Sue: You’re right.
Emily: Right about what?
Sue: The only time I feel things is when I’m with you.
Emily: She dealt her pretty words like Blades. How glittering they shone.
Sue: I pushed you toward him because I wanted to escape what I was feeling, and I slept with him ‘cause I didn’t wanna feel it. There is so much that I don’t want to feel, Emily. And the biggest thing that I don’t want to feel…
Emily: Is what? Hmm, is what? What is it, Sue? Just say it.

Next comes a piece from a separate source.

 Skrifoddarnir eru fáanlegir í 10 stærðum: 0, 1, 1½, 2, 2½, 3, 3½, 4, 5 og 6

Sue: Is that I’m in love with you.
Emily: I don’t believe you.
Sue: It’s true.
Emily: It’s not true. Nothing you say to me is true. You’re not even Sue anymore. You’re a new person, a fake person. I don’t even recognize you, and everything you say to me is a lie.
Sue: Emily, I love.
Emily: Stop lying to me.
Sue: I love you, and I felt you in the library because you’re always with me. I can’t escape from you because the only true thing I will ever feel is my love for you.

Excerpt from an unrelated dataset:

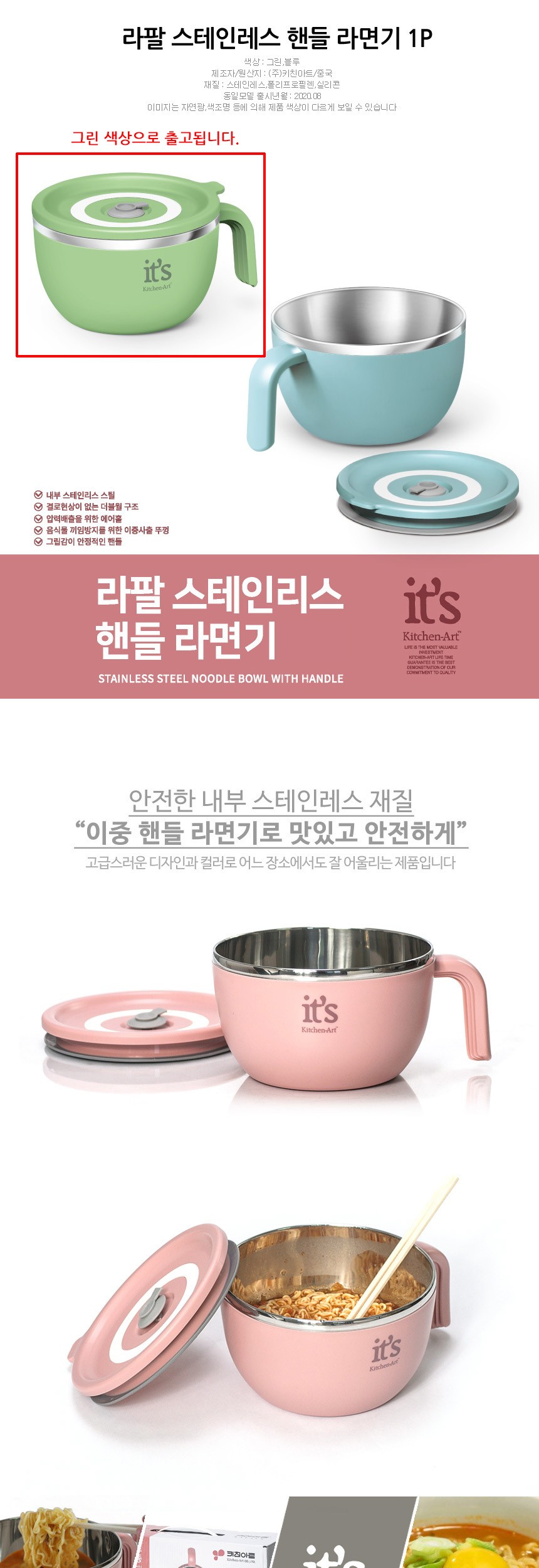 키친아트 면기 라팔 스텐 핸들 라면기 그린

Sue: I could die happy right now.
Emily: Not me. I feel sorry for the dead today.
Sue: Emily?
Emily: Yeah?
Sue: When I’m with you, that is the only time I feel alive.
Emily: That’s all I need. That’s all I’ve ever needed: to make you feel that way. I write for you, my Sue. I write for you. For you alone. That’s enough.
Sue: I will never let go of you again.

Emily: Mr. Bowles, I have decided with much agonizing and struggle that I do not in fact wish to be published. Therefore, I request that… No, no, I demand that you give me back my poems.
Sam: Emily, your poem was a hit. You’re about to become world famous overnight. People love the one we published, and they’re already begging for more.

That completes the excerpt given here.